Sliding doors. E se Little Steven non avesse frequentato Bruce Springsteen, conducendo la propria carriera affrancato dall'ingombrante sodale, come sarebbe cambiata la sua storia, a fronte dell'enorme talento che madre natura gli ha regalato?
Beninteso, per me, anche rispettando il corso reale della storia, il suo lavoro è comunque a livelli d'eccellenza: cinque album fino al 1999 all'insegna di un percorso musicale continuo, mai stagnante, e un songwriting sontuoso, che avercene oggigiorno in giro.
Il debutto Men without women è del 1982: nello stesso anno in cui Bruce si rinchiude tra le quattro mura introspettive di Nebraska, Steve se ne esce con un'apoteosi rock and soul, nel quale ogni pezzo è da celebrare.

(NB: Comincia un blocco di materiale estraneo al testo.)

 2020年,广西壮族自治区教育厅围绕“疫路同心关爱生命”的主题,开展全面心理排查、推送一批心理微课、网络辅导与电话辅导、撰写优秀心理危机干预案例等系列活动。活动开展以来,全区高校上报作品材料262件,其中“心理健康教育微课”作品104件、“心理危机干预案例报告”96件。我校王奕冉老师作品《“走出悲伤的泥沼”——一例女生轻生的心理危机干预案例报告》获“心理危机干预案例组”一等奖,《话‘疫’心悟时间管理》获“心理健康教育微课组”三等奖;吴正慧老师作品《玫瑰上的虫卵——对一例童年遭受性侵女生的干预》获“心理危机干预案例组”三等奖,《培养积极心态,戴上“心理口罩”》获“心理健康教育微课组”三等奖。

Nel lustro 1984/89 il nostro è incendiato da un vigoroso impegno politico, che si traduce in un trittico di dischi dai titoli inequivocabili (Voice of America; Freedom, No comprimise e Revolution), oltre ad un progetto contro l'apartheid in Sud Africa, nei quali si scaglia contro le nefandezze del proprio paese, sia in ambito interno che, soprattutto, estero (leggi America Latina), attraverso un sound che spazia dal rock più muscolare al reggae, dal mainstream rock al funk elettronico, cogliendo anche un discreto successo con un pezzo, Bitter fruit, eseguito insieme a Ruben Blades, che si può derubricare sotto la voce pop-salsa.

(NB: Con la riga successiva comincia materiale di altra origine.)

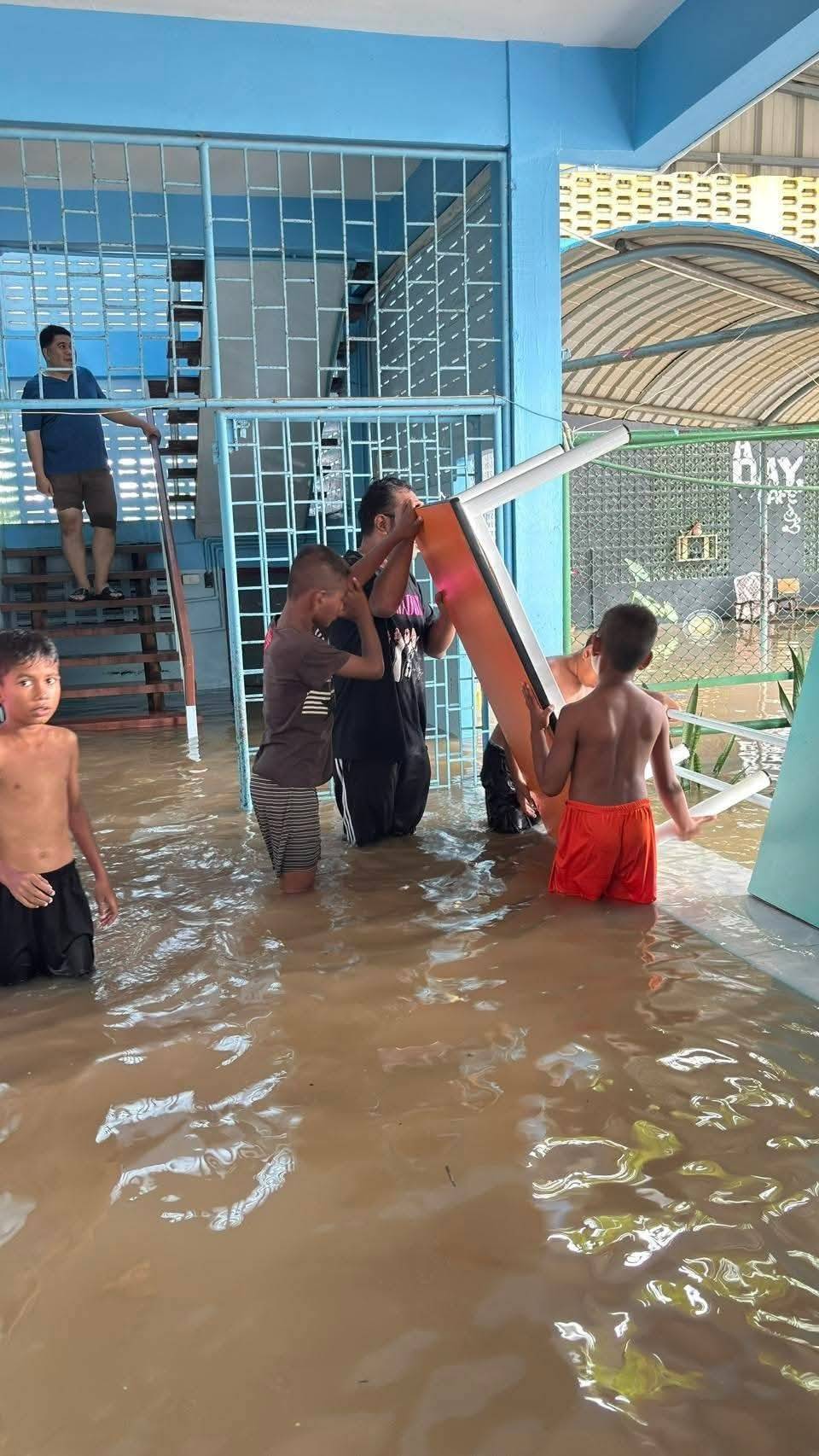 ทางโรงเรียนยังคงให้ครูลงคลิปการสอนออนไลน์ และมอบใบงานหรือการบ้านให้นักเรียน เพื่อให้การเรียนไม่สะดุด แม้ว่าบางอุปกรณ์การเรียน เช่น โต๊ะเก้าอี้ไม้และตู้เก็บของ จะเสียหายจากน้ำท่วม ซึ่งโรงเรียนกำลังสำรวจและจัดทำความสะอาดพื้นที่ห้องเรียนอย่างต่อเนื่อง

Poi si ferma, Miami Steve, per una decina d'anni, e nel 1999 ritorna con Born again savage, dieci composizioni sature di (hard) rock settantiano, ultimo capitolo della sua discografia prima del ricongiungimento con Springsteen, che continua ancora oggi, solido e redditizio, in ciò che rimane della storica E Street Band.

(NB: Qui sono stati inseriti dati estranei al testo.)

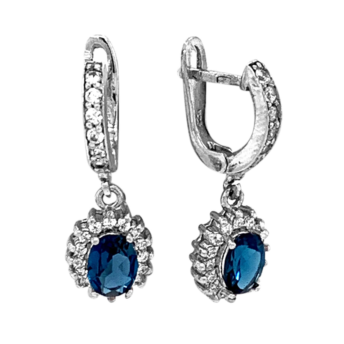 Серьги из серебра с нат.топазом лондон блю и фианитами родированные

Fin qui, brevemente, la storia del personaggio, rispetto alla quale ci sarebbe molto altro da aggiungere (un capitolo a sé meriterebbe infatti la carriera da attore), ma è bene arrivare al punto del post.
Little Steven torna, nel 2017, con un album che è la summa di tutta la sua vita artistica, un album che recupera autentiche gemme, regalate in passato ai vecchi amici Southside Johnny e Gary U.S. Bonds, in coabitazione con cover illustri e pezzi nuovi, all'insegna, al tempo stesso, di uno stile ormai consolidato e di un altrettanto acquisita imprevedibilità artistica.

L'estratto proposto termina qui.